**DATA EXTRACT**

_ _ _

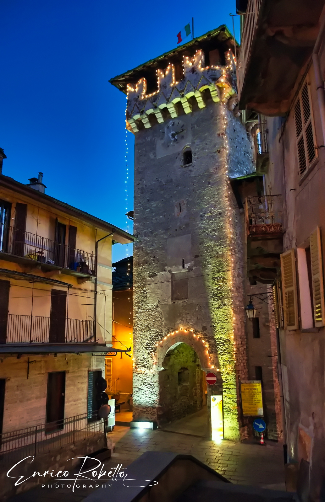 Lanzo Torinese, la Torre di Aymone di Challant, XIII Secolo vista in notturna da Via Sant'Ignazio, Torino, Italia ----- Lanzo Torinese, the Tower of Aymone di Challant, 13th Century seen at night from Via Sant'Ignazio, Turin, Italy
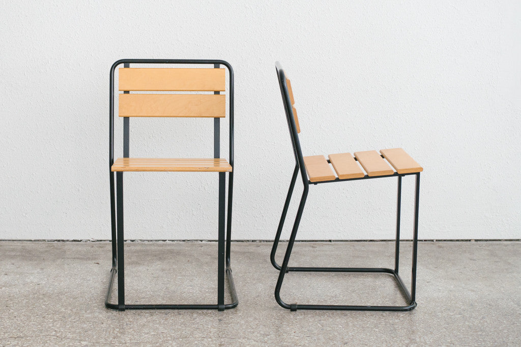 style: pair, Mid Century, Modern, stacking, slat chairs
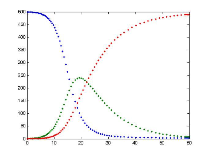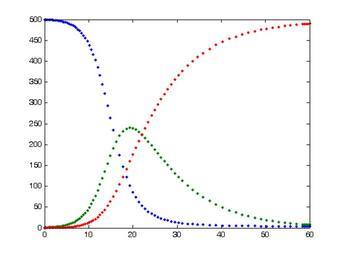 | Keywords: Sirsys-p9.png  Colors are believed to be Blue Susceptible Green Infected and Red Recovered <br> An epidemiological graph for the SIR model S represents the number of susceptibles I the number of infectious people and R the number of recovered Graph generated using MATLAB code 2006-06-06 own assumed Bye~commonswiki sirsys m program <pre> beta 0 001;v 0 1; ; before modified beta 0 005,v 0 05, the figure produced by running this program in matlab is different with Fig Sirsys-p9 png so let beta 0 001 v 0 1 and try again then the resoult is right options odeset 'RelTol' 1e-4 'AbsTol' 1e-4 ; T Y ode45 sirsys1 0 60 500 1 0 options beta v ; plot T Y 1 ' ' T Y 2 ' ' T Y 3 ' ' </pre> sirsys1 m function <pre> function dy sirsys1 t y beta v dy zeros 3 1 ; dy 1 -beta y 1 y 2 ; force of infection lambda beta y 2 dy 2 beta y 1 y 2 -v y 2 ; dy 3 v y 2 ; </pre> Epidemics |

_ _ _

**TO DO**
Pictures do not belong in the copy; repeat the rest of the listing exactly.

**WRITTEN RESPONSE**
 Lanzo Torinese, la Torre di Aymone di Challant, XIII Secolo vista in notturna da Via Sant'Ignazio, Torino, Italia ----- Lanzo Torinese, the Tower of Aymone di Challant, 13th Century seen at night from Via Sant'Ignazio, Turin, Italy
 style: pair, Mid Century, Modern, stacking, slat chairs
 | Keywords: Sirsys-p9.png  Colors are believed to be Blue Susceptible Green Infected and Red Recovered <br> An epidemiological graph for the SIR model S represents the number of susceptibles I the number of infectious people and R the number of recovered Graph generated using MATLAB code 2006-06-06 own assumed Bye~commonswiki sirsys m program <pre> beta 0 001;v 0 1; ; before modified beta 0 005,v 0 05, the figure produced by running this program in matlab is different with Fig Sirsys-p9 png so let beta 0 001 v 0 1 and try again then the resoult is right options odeset 'RelTol' 1e-4 'AbsTol' 1e-4 ; T Y ode45 sirsys1 0 60 500 1 0 options beta v ; plot T Y 1 ' ' T Y 2 ' ' T Y 3 ' ' </pre> sirsys1 m function <pre> function dy sirsys1 t y beta v dy zeros 3 1 ; dy 1 -beta y 1 y 2 ; force of infection lambda beta y 2 dy 2 beta y 1 y 2 -v y 2 ; dy 3 v y 2 ; </pre> Epidemics |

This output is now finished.